Task directions:
Could you set down exactly the lines of the data below, starting at the one that holds "PORRO table ronde" and ending at the one that holds "x+b上,连结AO,△AOB的面积等于1.", both included, and only those?

Data under study:

= = =

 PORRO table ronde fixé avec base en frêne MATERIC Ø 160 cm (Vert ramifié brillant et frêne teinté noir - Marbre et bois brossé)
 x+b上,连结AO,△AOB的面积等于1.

= = =

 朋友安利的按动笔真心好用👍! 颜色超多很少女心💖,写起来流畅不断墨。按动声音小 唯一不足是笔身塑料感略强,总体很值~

= = =

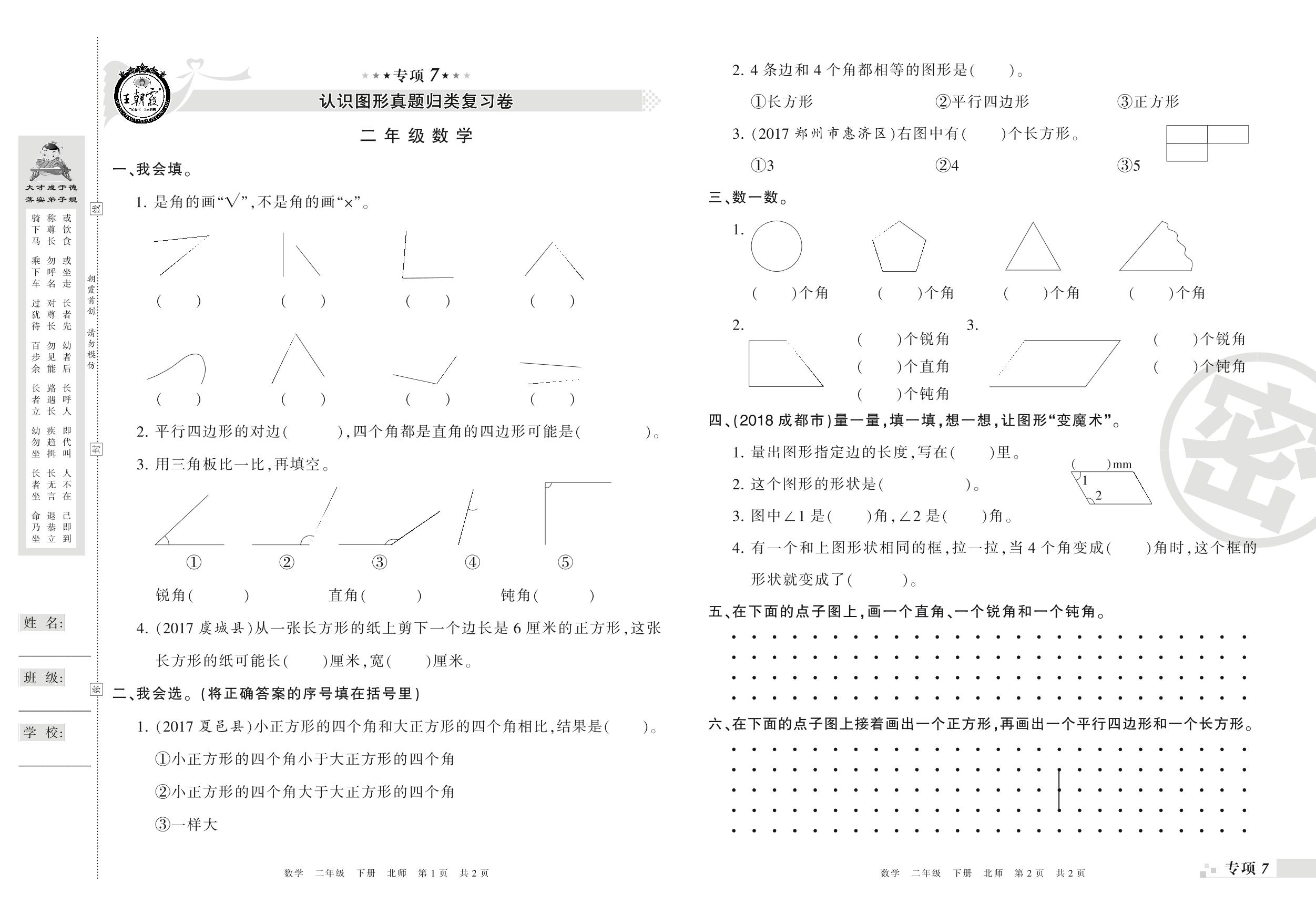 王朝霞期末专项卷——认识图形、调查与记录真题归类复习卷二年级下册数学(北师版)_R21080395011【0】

= = =

Response to the exercise:
 PORRO table ronde fixé avec base en frêne MATERIC Ø 160 cm (Vert ramifié brillant et frêne teinté noir - Marbre et bois brossé)
 x+b上,连结AO,△AOB的面积等于1.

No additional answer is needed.